Emerging from the dark.

148/365

Last night I had a dream about my mother.  We were going to the opera and I was wearing a shredded pair of jeans.  I asked her if I should change and she turned away from me as she shrugged: It's up to you.

As we met up with other friends who were joining us, it became clear that my jeans weren't a suitable match for all the gowns and tuxedos and the light-hearted laughter drifting over clinking champagne glasses.  Angry, I turned to my mother and blamed her for not telling me to change.  With near indifference, she said it was my decision, not hers.  But being young and full of unresolved fury, I said it was her job to tell me that I should know better.

Conflicted by my guilt, embarrassment and anger, I fled.  Hoping to punish her by leaving.  Instead, I was the one who felt crappy.  I really wanted to go.  I just couldn't bring myself to show up in a ratty pair of jeans.
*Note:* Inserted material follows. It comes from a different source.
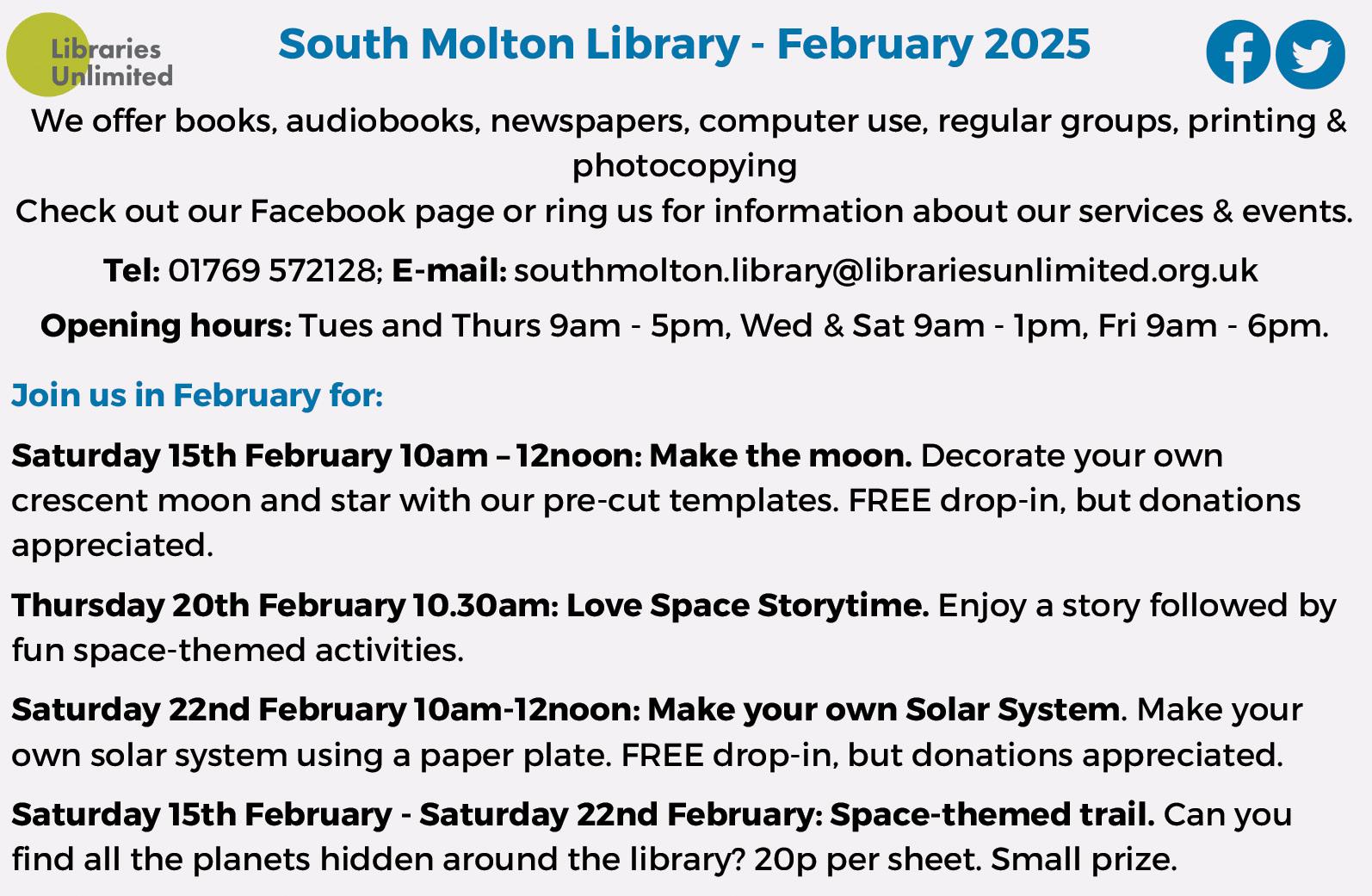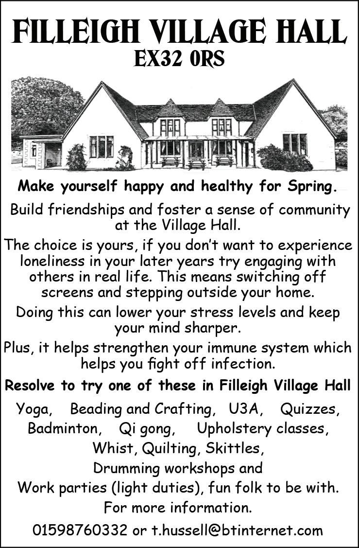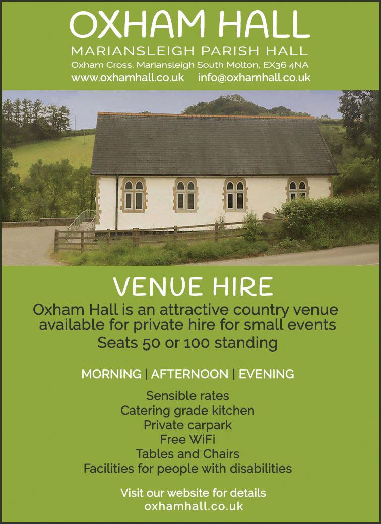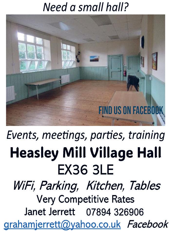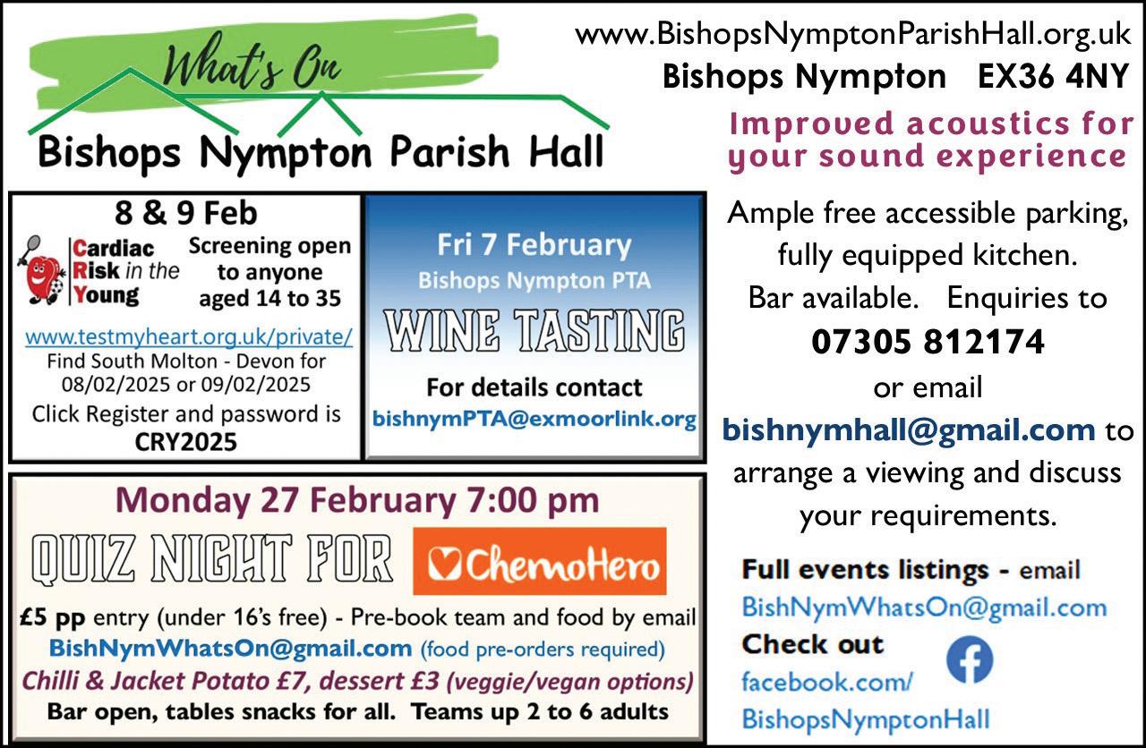 Bishops Nympton Parish Hall - events page 12; South Molton Library - events page 12 Filleigh, Oxham and Heasley Mill Village Halls - adverts page 60

Sometimes I wonder about what it means to be a parent.  And all that inherent responsibility.  Is it better to allow your children to make up their own minds and have them learn by experiencing the consequences, hopefully in the short but perhaps even in the long term?  Or is it better to force them to do what you believe is the better choice, hoping desperately that one day they'll realize the value of your experience and good intentions?

The irony is that if my mother told me to change, I probably wouldn't have because I've always liked making my own decisions, even if it was at my own peril.

It makes me just a little more grateful that we have a dog.

Because we can dress her up as we please, pink frills and all.